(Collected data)
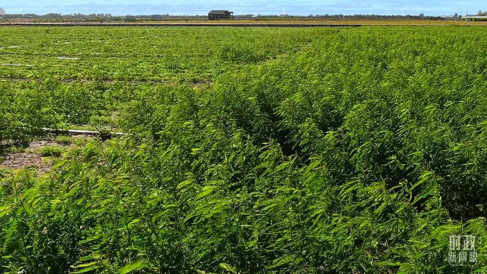 △黃河三角洲農(nóng)高區(qū)。田菁是耐鹽堿綠肥作物,能夠促進(jìn)鹽堿地用養(yǎng)結(jié)合。(總臺(tái)記者韓森拍攝)
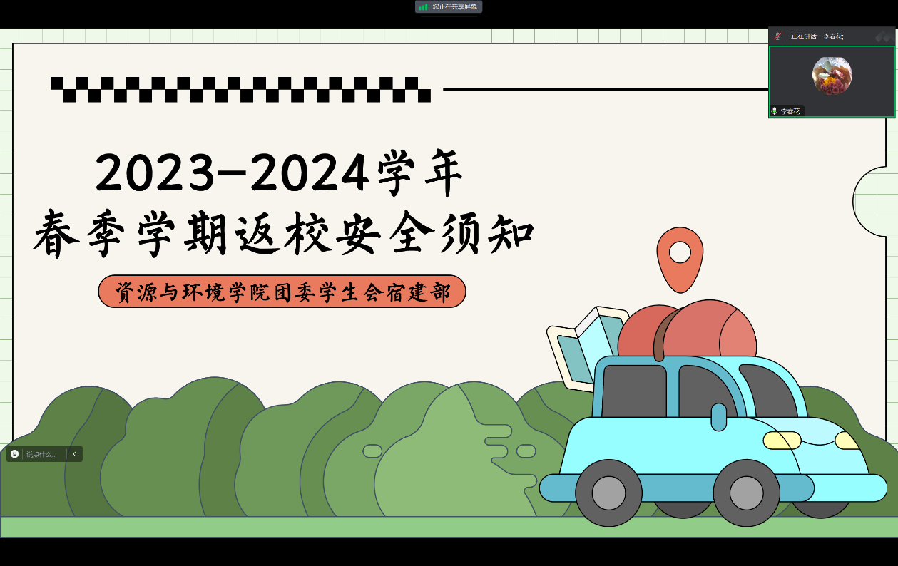 会上,宿建部成员刘锦华通过PPT的讲解,从报到时间,返校须知及路途安全三方面展开,向各安全委员讲述了返校时同学们应要注意返校前携带全个人物品,返校途中注意保护个人财产安全,并时刻注意气候变化,返校后及时整理寝室等各项事项。李春花老师强调提前返校和延迟返校学生需及时报备,近期天气恶劣,要求同学们在返校途中注意自身安全,提高防诈意识,同时提醒同学们开学后积极备战补考、诚信应考。
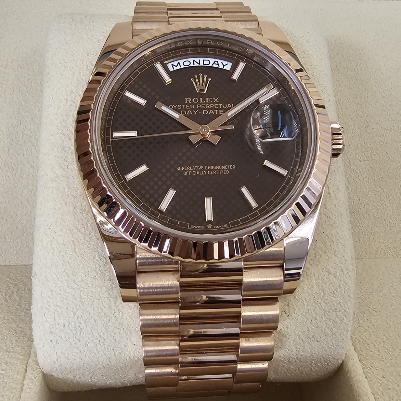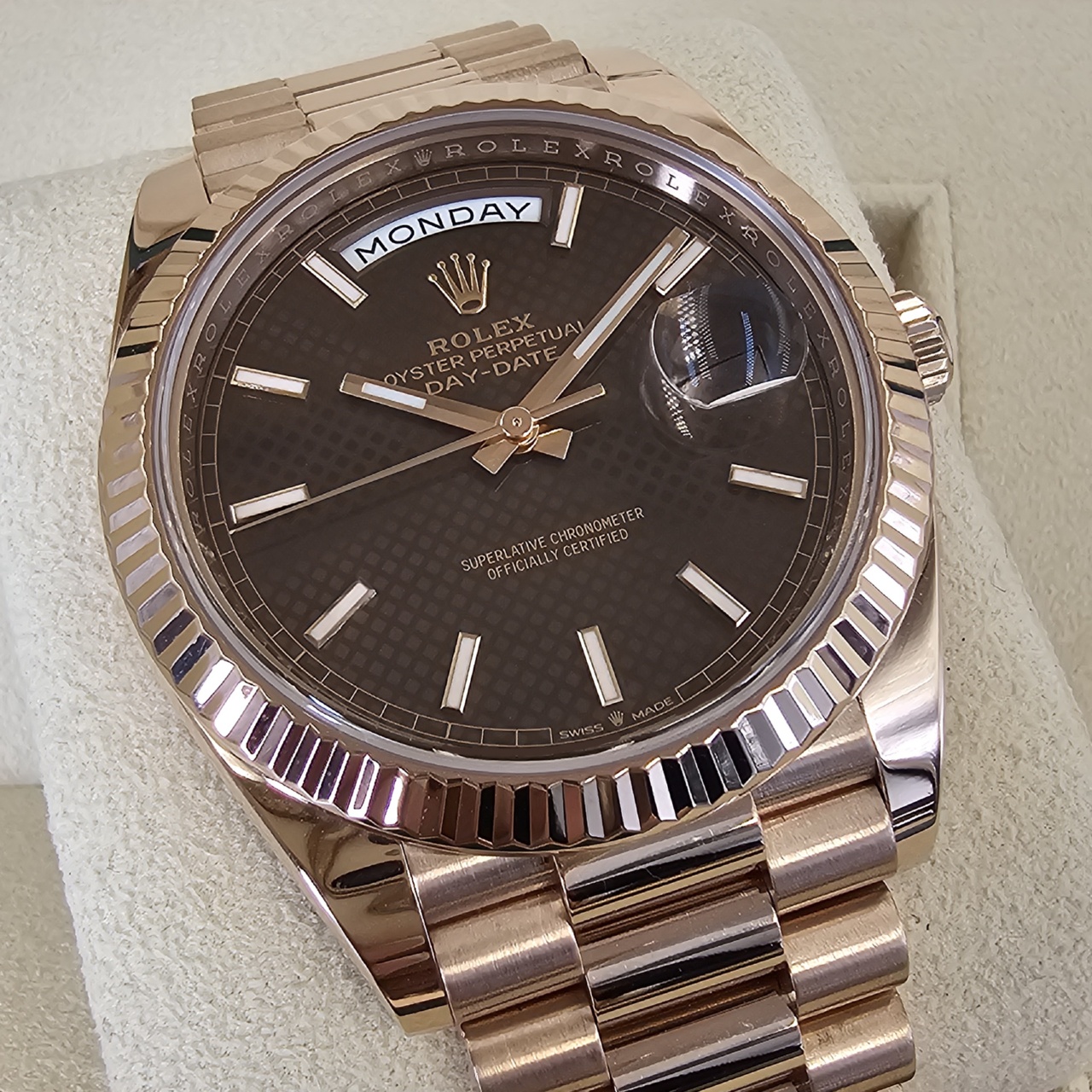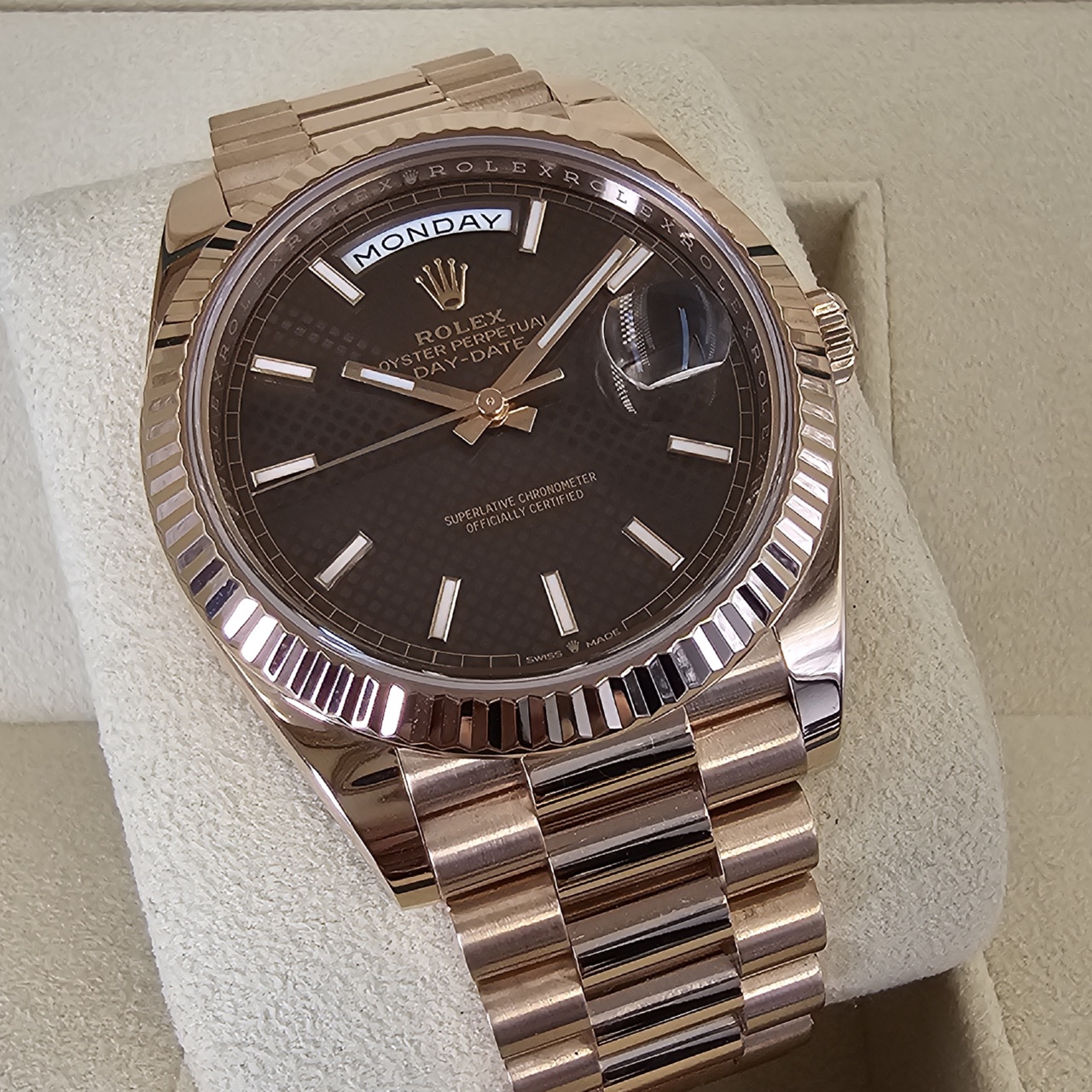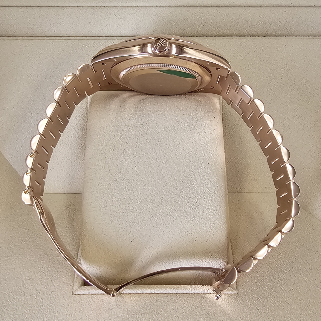 While the collection is also available in yellow gold, white gold, and platinum, the Everose edition is, by far, one of the most exceptional versions of the collection. Everose, aka 18 karat pink gold, is produced entirely by Rolex. It is of the highest quality and will hold its value well while maintaining a stunning luster.
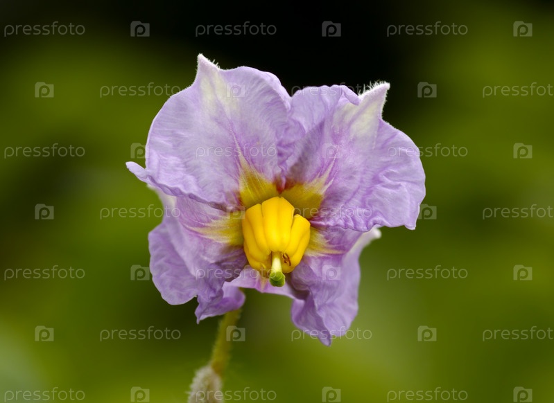 Сиреневый цветок картофеля крупным планом на зеленом фоне
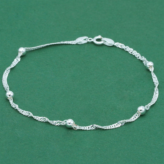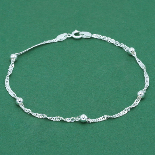 925 Sterling Silver Beaded Singapore Chain Anklet, Twisted Rope Minimal Silver Ankle Bracelet, Delicate Everyday Jewellery
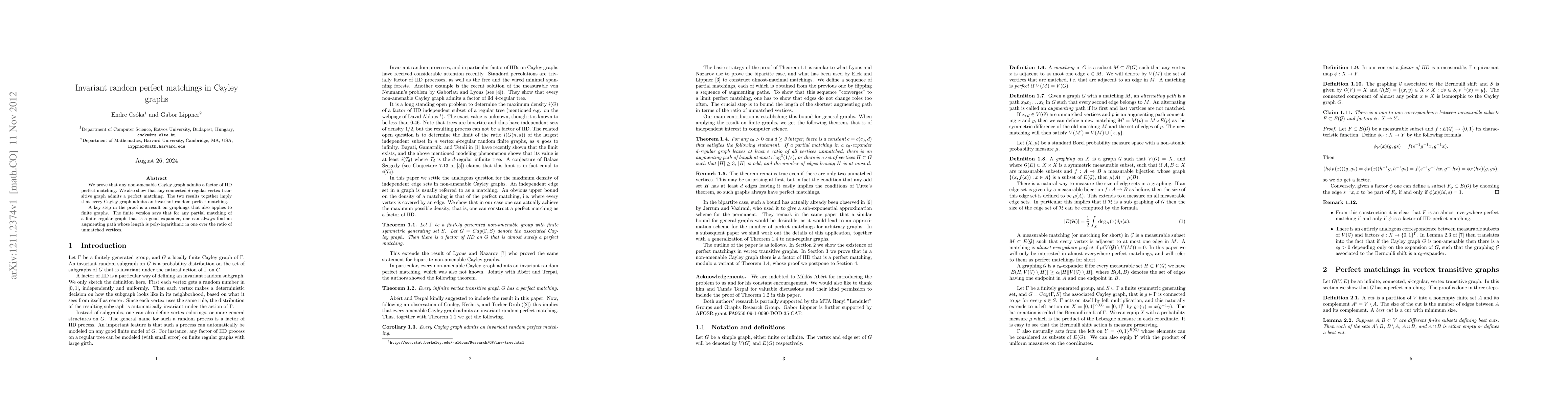 A new study proves that many types of graph structures, including Cayley graphs, can have a perfect matching, even if they aren't 'amenable' in certain cases. This discovery could lead to more efficient ways to solve problems involving these types of graphs.
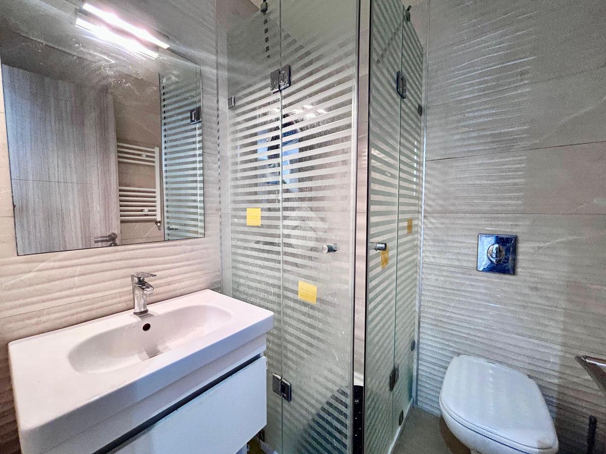 La salle d’eau est équipée d’une cabine de douche moderne.
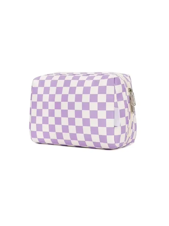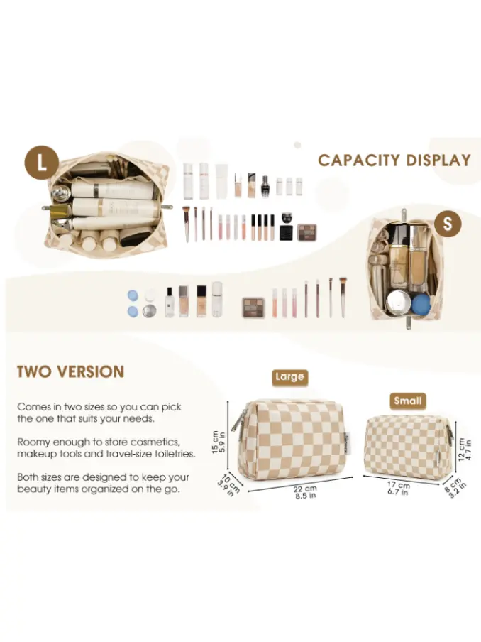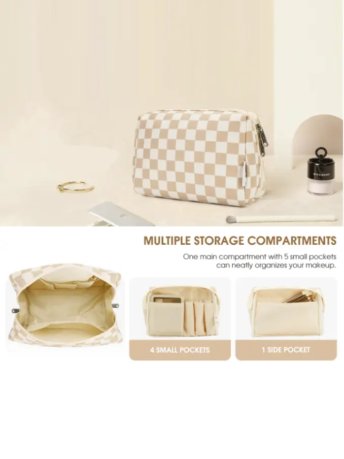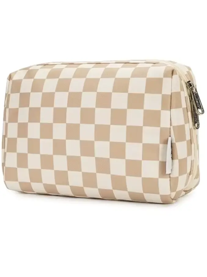 Women's Large Grid Makeup Bag with Zipper Closure PU Leather&polyester Travel Toiletry Storage Bag

[WHAT IS NEEDED]
Pictures aren't part of the copy; return each record above exactly.

[OUTPUT BELOW]
 △黃河三角洲農(nóng)高區(qū)。田菁是耐鹽堿綠肥作物,能夠促進(jìn)鹽堿地用養(yǎng)結(jié)合。(總臺(tái)記者韓森拍攝)
 会上,宿建部成员刘锦华通过PPT的讲解,从报到时间,返校须知及路途安全三方面展开,向各安全委员讲述了返校时同学们应要注意返校前携带全个人物品,返校途中注意保护个人财产安全,并时刻注意气候变化,返校后及时整理寝室等各项事项。李春花老师强调提前返校和延迟返校学生需及时报备,近期天气恶劣,要求同学们在返校途中注意自身安全,提高防诈意识,同时提醒同学们开学后积极备战补考、诚信应考。
 While the collection is also available in yellow gold, white gold, and platinum, the Everose edition is, by far, one of the most exceptional versions of the collection. Everose, aka 18 karat pink gold, is produced entirely by Rolex. It is of the highest quality and will hold its value well while maintaining a stunning luster.
 Сиреневый цветок картофеля крупным планом на зеленом фоне
 925 Sterling Silver Beaded Singapore Chain Anklet, Twisted Rope Minimal Silver Ankle Bracelet, Delicate Everyday Jewellery
 A new study proves that many types of graph structures, including Cayley graphs, can have a perfect matching, even if they aren't 'amenable' in certain cases. This discovery could lead to more efficient ways to solve problems involving these types of graphs.
 La salle d’eau est équipée d’une cabine de douche moderne.
 Women's Large Grid Makeup Bag with Zipper Closure PU Leather&polyester Travel Toiletry Storage Bag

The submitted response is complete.